NLTK has in-built methods to facilitate easy access and intuitive use of corpora (large bodies of text, plural of corpus). Once the corpora are downloaded, it can be accessed via the NLTK's corpus module.

##### Tokenization
Tokenization is the process of splitting the given text into smaller pieces called tokens. Words, numbers, punctuation marks, and others can be considered as tokens.

##### Stop Words
Stop words are the most common words in a language like “the”, “a”, “on”, “is”, “all”. These words do not carry important meaning and are usually removed from texts .For some applications like documentation classification, it may make sense to remove stop words.


### PART 3

Analyzing True and Fake News DataSet

In [2]:
true = pd.read_csv('TrueNews.csv')
fake = pd.read_csv('FakeNews.csv')

In [3]:
true['label'] = 1 # set label True = 1
fake['label'] = 0 # set label Fale = 0

In [4]:
df = pd.concat([true,fake]) # Concatinate True and false DataSet

In [5]:
df.drop('date',axis=1,inplace=True) # Drop date because it's not needed for analysis

In [6]:
df.drop('subject',axis=1,inplace=True) # Drop subject because it's not needed for analysis

In [7]:
df.head()

Unnamed: 0,title,text,label
0,"As U.S. budget fight looms, Republicans flip t...",WASHINGTON (Reuters) - The head of a conservat...,1
1,U.S. military to accept transgender recruits o...,WASHINGTON (Reuters) - Transgender people will...,1
2,Senior U.S. Republican senator: 'Let Mr.

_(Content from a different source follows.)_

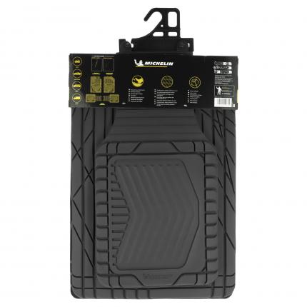 I tappeti di rivestimento personalizzati da MICHELIN ® sono realizzati in PVC spessa e resistente, progettata per resistere bene a un uso costante. I tappeti universali con linee di taglio offrono una vestibilità più personalizzata, progettata per la maggior parte di auto, SUV e furgoni. Il design con nervature rialzate cattura detriti e fuoriuscite per proteggere l'interno del veicolo. I bordi sagomati permettono di adattare la vestibilità del tappeto per una copertura e protezione massime. Costruzione per tutte le stagioni per una protezione massima. Il supporto antiscivolo durevole fissa saldamente il tappeto per una protezione affidabile ogni giorno. Progettato per adattarsi alla maggior parte delle auto, design universale. Facile da pulire - basta lavarlo con acqua quando necessario. Colore: Nero Contenuto: Tappeti universali 4 pezzi (2 per il davanti e 2 per il retro) Materiale: PVC Installazione: Posizionare il tappeto nel bagagliaio o nell'area di carico. Segnare l'area da tagliare per un adattamento personalizzato. Tagliare con attenzione il tappeto utilizzando delle forbici e riposizionarlo.

Muell...,WASHINGTON (Reuters) - The special counsel inv...,1
3,FBI Russia probe helped by Australian diplomat...,WASHINGTON (Reuters) - Trump campaign adviser ...,1
4,Trump wants Postal Service to charge 'much mor...,SEATTLE/WASHINGTON (Reuters) - President Donal...,1


In [8]:
df.shape

(44889, 3)

In [11]:
# Importing NLTK Libraries

import nltk
import string
from collections import Counter
from nltk.tokenize import word_tokenize
from nltk.stem.wordnet import WordNetLemmatizer
from nltk.stem import SnowballStemmer
from scipy.spatial.distance import pdist,squareform
from nltk.corpus import words,names,brown

In [12]:
stop = set(nltk.corpus.stopwords.words('english'))

In [13]:
#Cleaning title columns
df['titleCleaned'] = df.title.apply(lambda x: ' '.join([word for word in x.split() if word not in stop and 
                                                          word not in string.punctuation]))

In [14]:
#cleaning text columns
df['textCleaned'] = df.text.apply(lambda x: ' '.join([word for word in x.split() if word not in stop and 
                                                          word not in string.punctuation]))

In [15]:
# converting to lower case
df['textCleaned'] = df.textCleaned.str.lower()
df['titleCleaned'] = df.titleCleaned.str.lower()

In [16]:
df.drop(columns =['title','text'],inplace=True)

In [17]:
df.head()

Unnamed: 0,label,titleCleaned,textCleaned
0,1,"as u.s. budget fight looms, republicans flip f...",washington (reuters) the head conservative rep...
1,1,u.s. military accept transgender recruits mond...,washington (reuters) transgender people allowe...
2,1,senior u.s. republican senator: 'let mr. muell...,washington (reuters) the special counsel inves...
3,1,fbi russia probe helped australian diplomat ti...,washington (reuters) trump campaign adviser ge...
4,1,trump wants postal service charge 'much more' ...,seattle/washington (reuters) president donald ...


In [18]:
x1 = df.drop('label',axis=1) 
y = df.label

In [19]:
ordinal = OrdinalEncoder()

In [20]:
x = pd.DataFrame(ordinal.fit_transform(x1),columns=x1.columns)

In [21]:
X_train,X_test,y_train,y_test = train_test_split(x,y, random_state=42)

In [22]:
print('X_train.shape %s, X_test.shape %s, y_train.shape %s, y_test.shape %s' %(X_train.shape,X_test.shape,y_train.shape,y_test.shape))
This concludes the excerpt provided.